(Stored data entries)
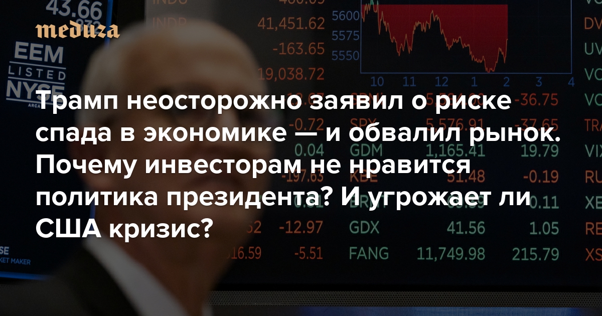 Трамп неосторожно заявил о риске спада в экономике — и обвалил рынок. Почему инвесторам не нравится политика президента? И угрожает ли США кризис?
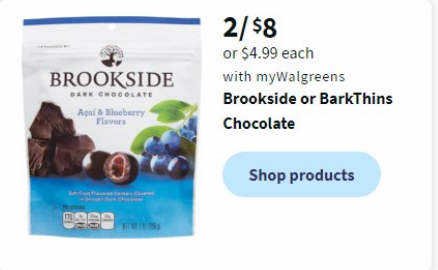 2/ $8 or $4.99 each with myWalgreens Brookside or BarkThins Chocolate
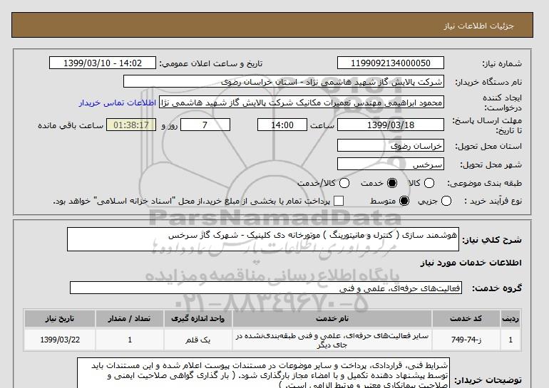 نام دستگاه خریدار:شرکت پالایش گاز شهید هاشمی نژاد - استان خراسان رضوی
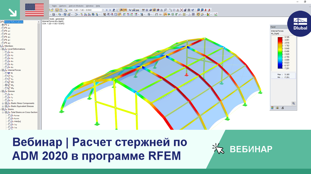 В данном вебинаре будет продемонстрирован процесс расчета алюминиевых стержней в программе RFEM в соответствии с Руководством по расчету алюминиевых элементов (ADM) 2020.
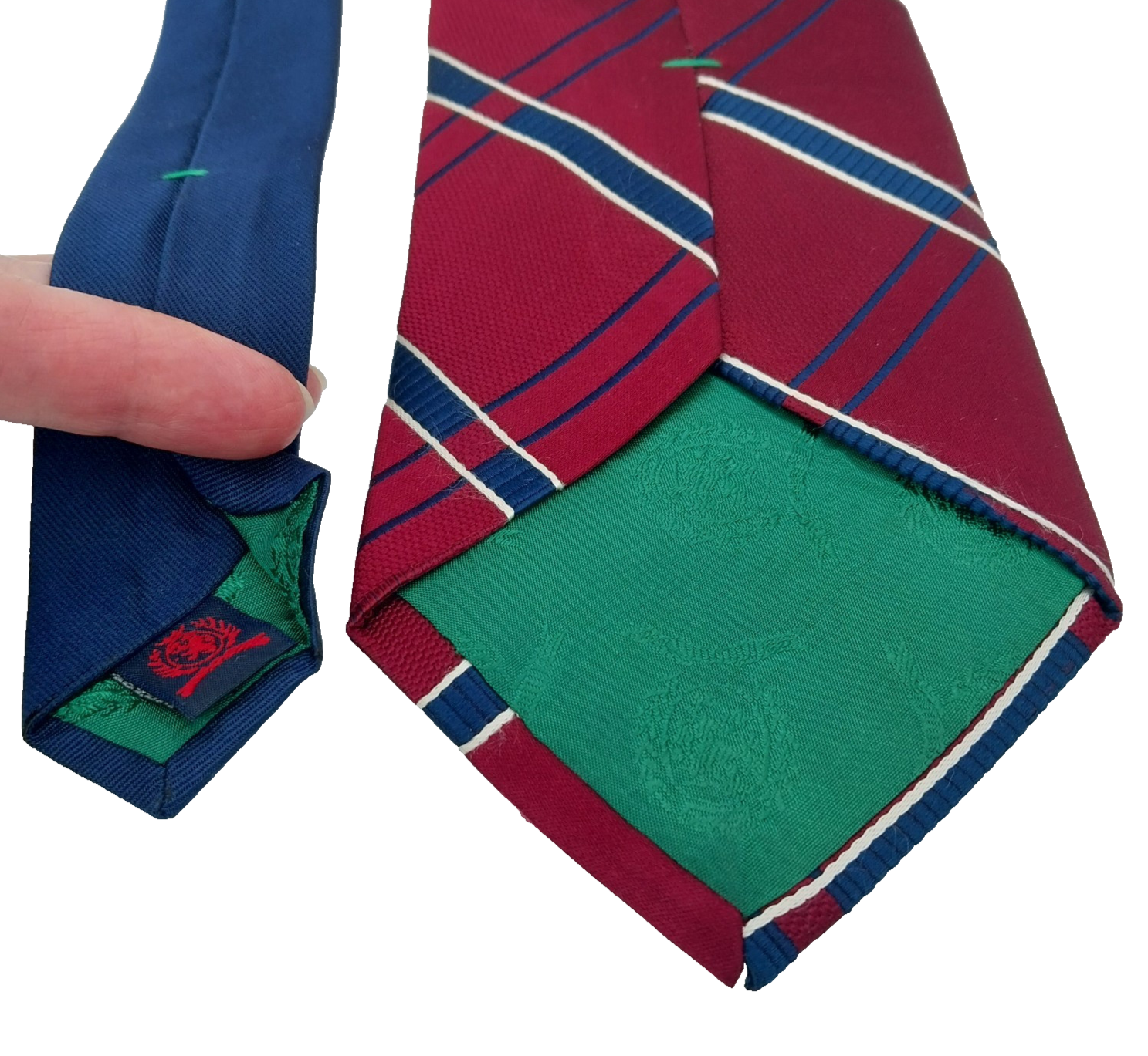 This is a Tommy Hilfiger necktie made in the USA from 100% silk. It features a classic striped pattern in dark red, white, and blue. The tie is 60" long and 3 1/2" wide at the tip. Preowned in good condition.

Prompt: Repeat the data exactly as given. Keep every picture out of the copy.

Written response:
 Трамп неосторожно заявил о риске спада в экономике — и обвалил рынок. Почему инвесторам не нравится политика президента? И угрожает ли США кризис?
 2/ $8 or $4.99 each with myWalgreens Brookside or BarkThins Chocolate
 نام دستگاه خریدار:شرکت پالایش گاز شهید هاشمی نژاد - استان خراسان رضوی
 В данном вебинаре будет продемонстрирован процесс расчета алюминиевых стержней в программе RFEM в соответствии с Руководством по расчету алюминиевых элементов (ADM) 2020.
 This is a Tommy Hilfiger necktie made in the USA from 100% silk. It features a classic striped pattern in dark red, white, and blue. The tie is 60" long and 3 1/2" wide at the tip. Preowned in good condition.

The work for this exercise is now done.